BEGIN
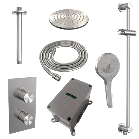 Diamètre pommeau : 20 cm -30cm Bras plafond - douchette 3 jet(s) Rond - Inox brossé PVD - Bouton Carving (€ 1.269,30 )
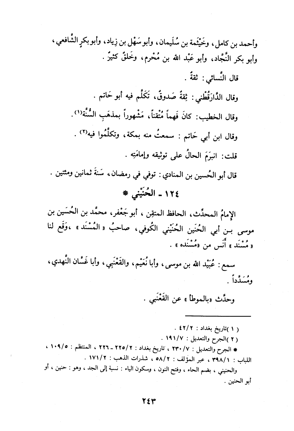 124 - الحُنَيْنِيُّ أَبُو جَعْفَرٍ مُحَمَّدُ بنُ الحُسَيْنِ بنِ مُوْسَى *
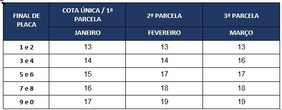 Começa na próxima segunda-feira (13/1) o vencimento do Imposto sobre a Propriedade de Veículos Automotores (IPVA) 2020, em Minas Gerais. A escala tem início com as placas de final 1 e 2 e segue sempre com dois finais de placa por dia, até a sexta-feira (17/1), se encerrando com os dígitos 9 e 0. O proprietário de veículo pode optar por pagar o imposto em cota única, com 3% de desconto, ou em até três parcelas.
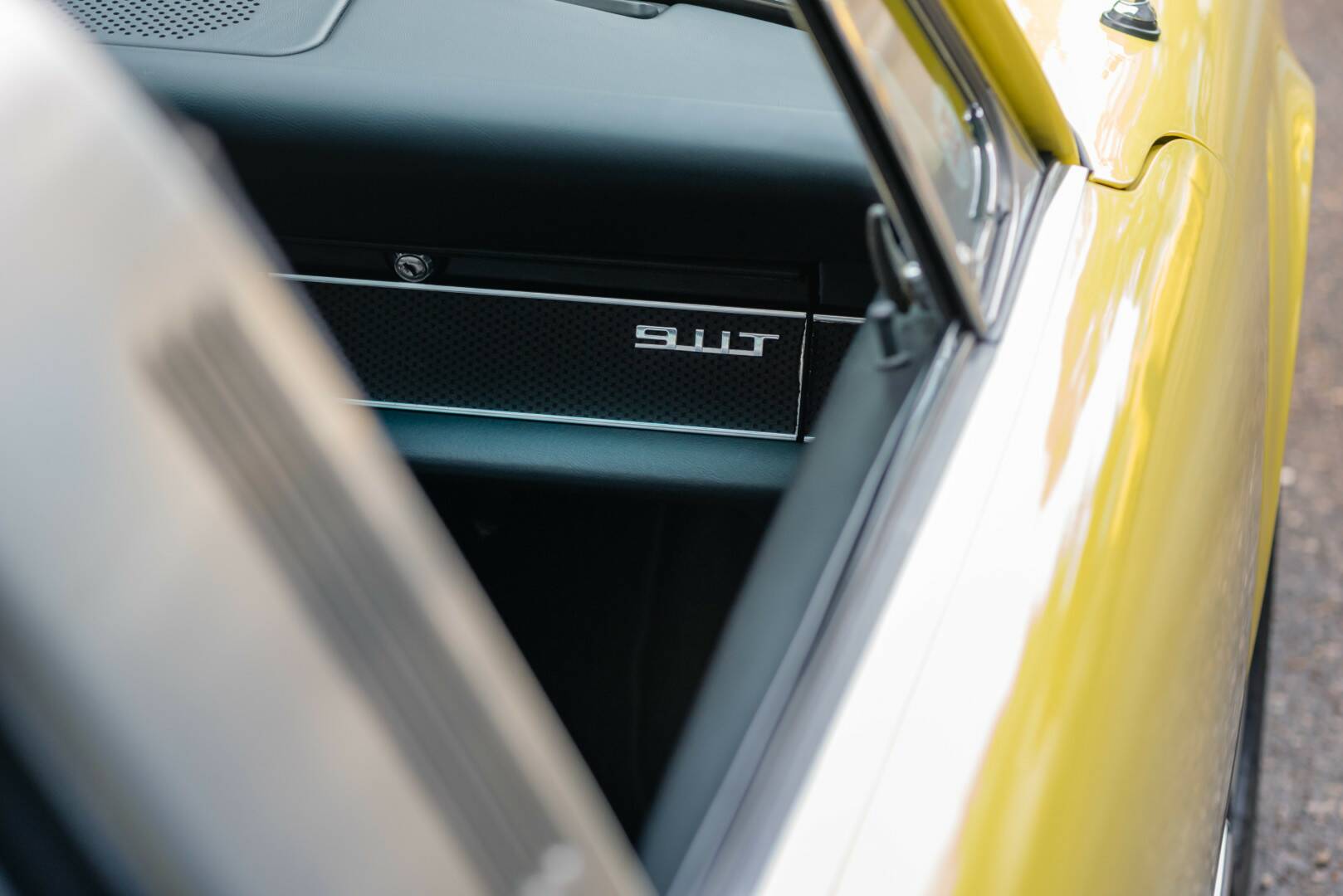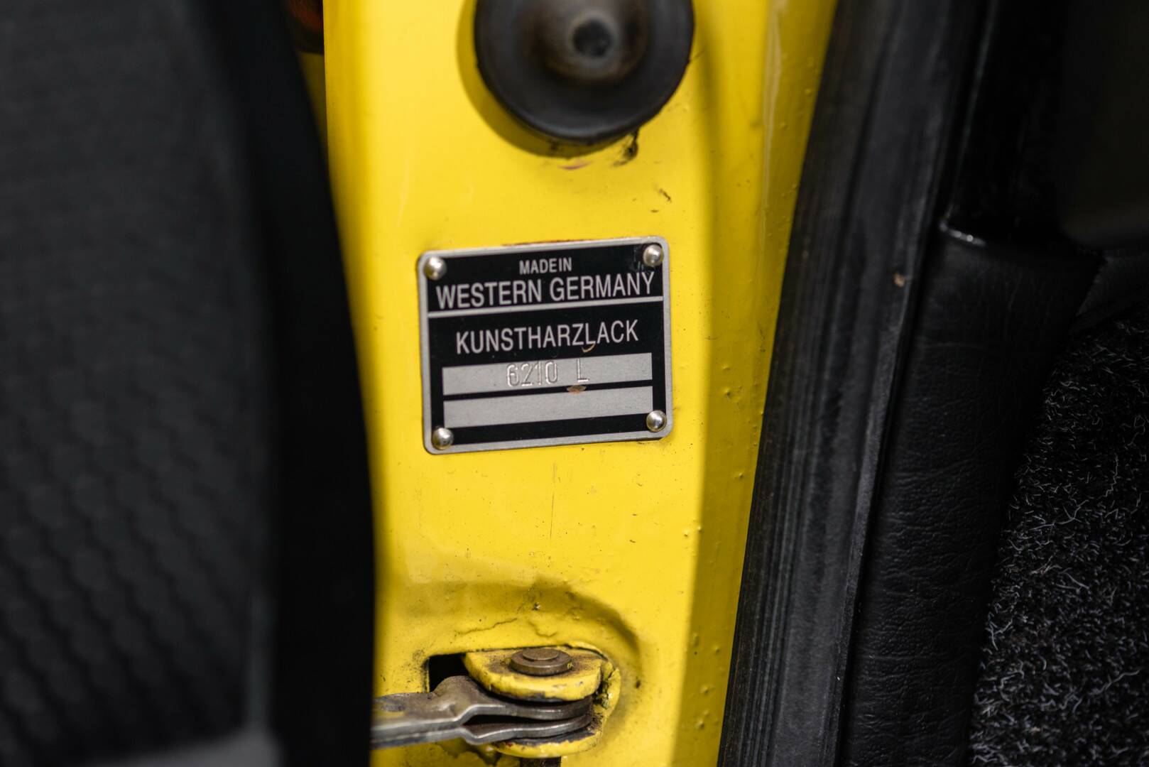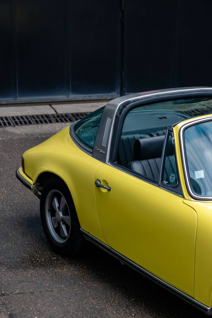 La Porsche 911 se présente dans un état remarquable, avec des ajustements de capots et de portes très soignés. La carrosserie est actuellement en Canary Yellow, lumineuse et homogène.
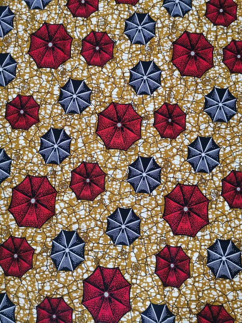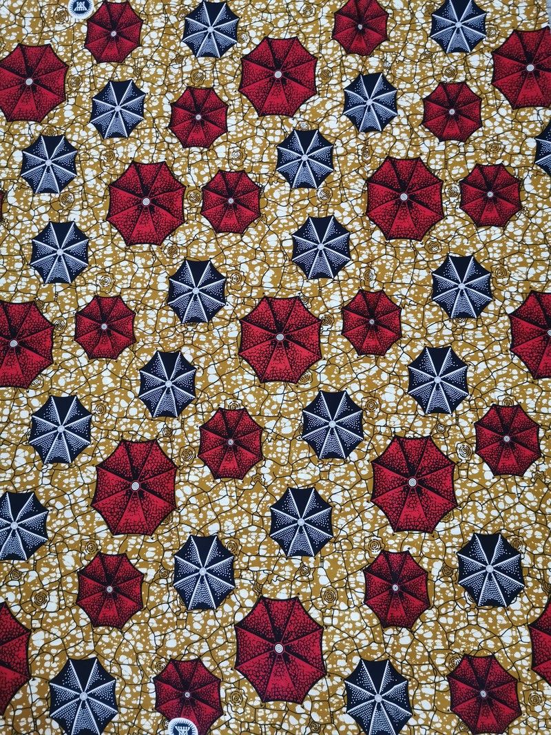 Tissu wax 100% coton. Avec une impression de très belles qualités et des couleurs vives, un design unique et dynamique.
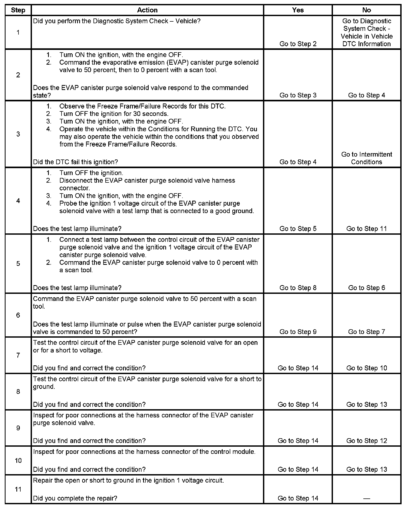 6. This step tests if a ground is constantly being applied to the EVAP canister purge solenoid valve.
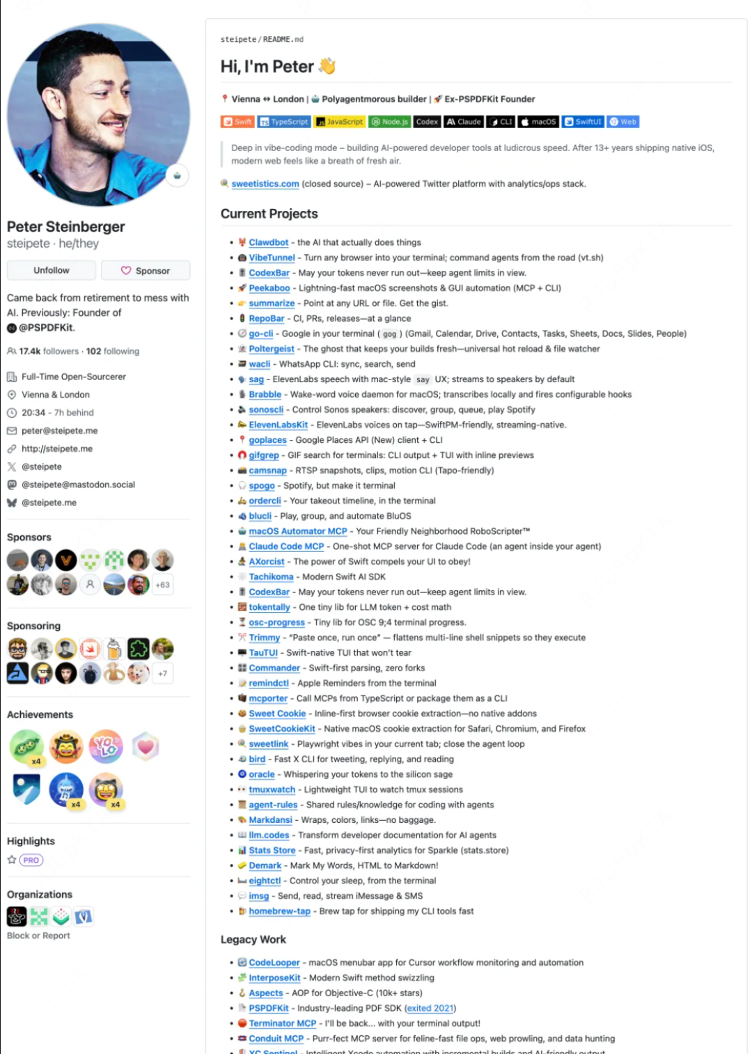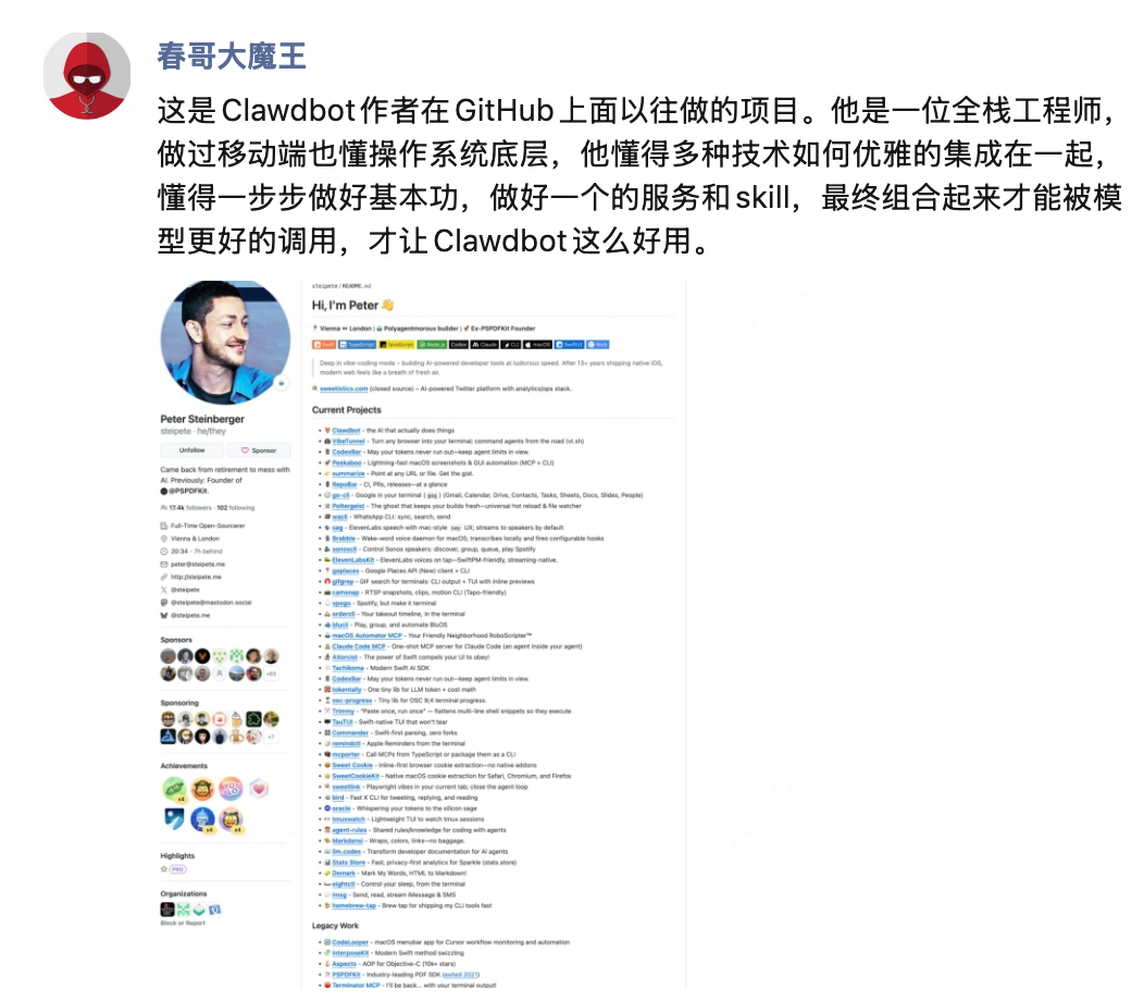 以下是Clawdbot作者GitHub上做的一连串项目。
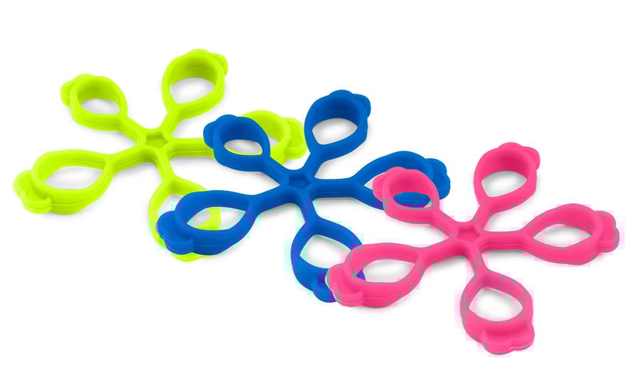 skuteczny gadżet do ćwiczenia mięśni dłoni. Zestaw składa się z trzech gum o zróżnicowanym oporze.
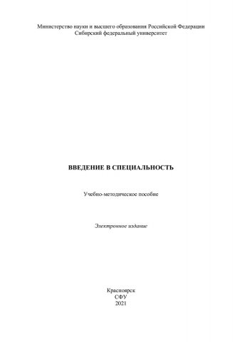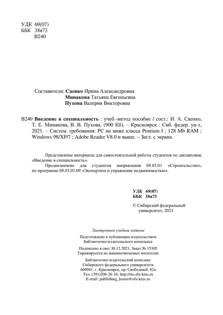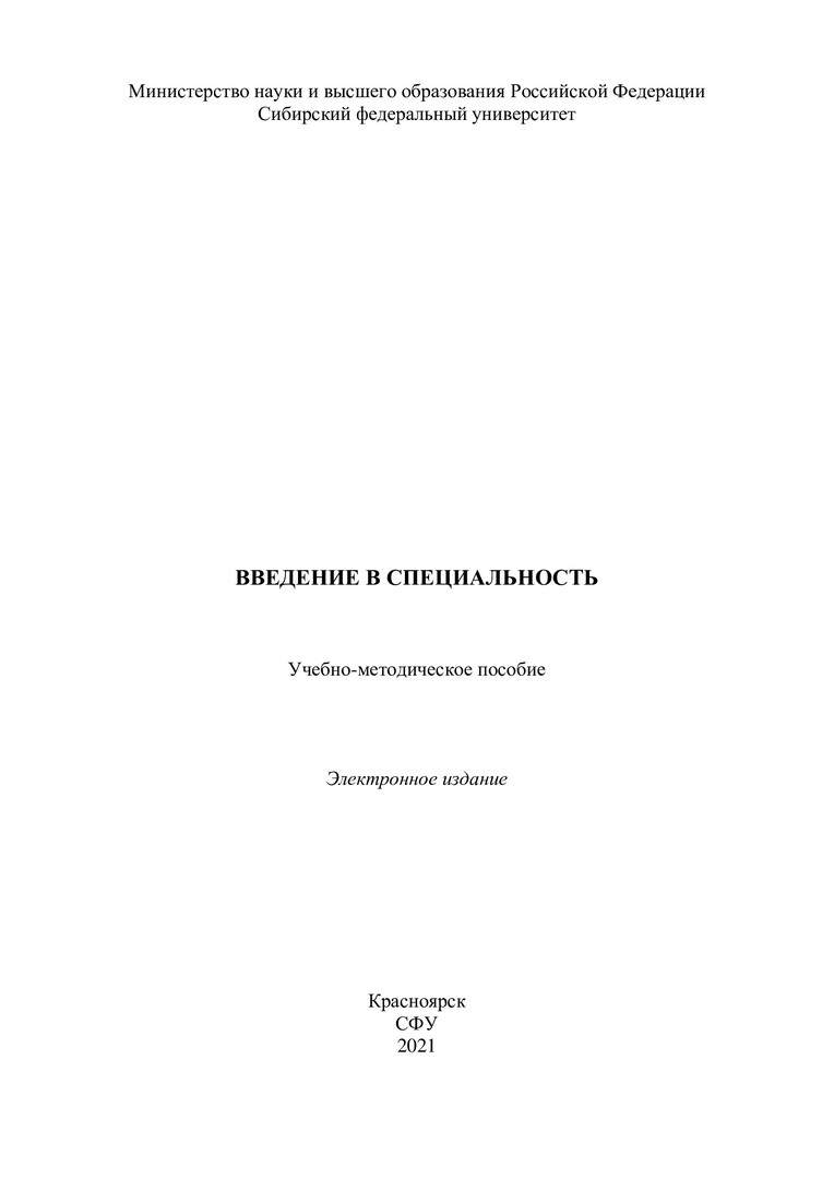 Библиографическое описание: Введение в специальность : учебно-методическое пособие / Сиб. федер. ун-т, Инж.-строит. ин-т ; сост.: И. А. Саенко, Т. Е. Минакова, В. В. Пухова. - Электрон. текстовые дан. (pdf, 0,9 Мб). - Красноярск : СФУ, 2021 (2021-12-20). - 40 с. - Загл. с титул. экрана. - Изд. № 2021-15305 : Б. ц. - Текст : электронный.
END
Please restate the material above line by line, exactly, beginning at its first line and ending with the line that contains "Começa na próxima", without any pictures.

 Diamètre pommeau : 20 cm -30cm Bras plafond - douchette 3 jet(s) Rond - Inox brossé PVD - Bouton Carving (€ 1.269,30 )
 124 - الحُنَيْنِيُّ أَبُو جَعْفَرٍ مُحَمَّدُ بنُ الحُسَيْنِ بنِ مُوْسَى *
 Começa na próxima segunda-feira (13/1) o vencimento do Imposto sobre a Propriedade de Veículos Automotores (IPVA) 2020, em Minas Gerais. A escala tem início com as placas de final 1 e 2 e segue sempre com dois finais de placa por dia, até a sexta-feira (17/1), se encerrando com os dígitos 9 e 0. O proprietário de veículo pode optar por pagar o imposto em cota única, com 3% de desconto, ou em até três parcelas.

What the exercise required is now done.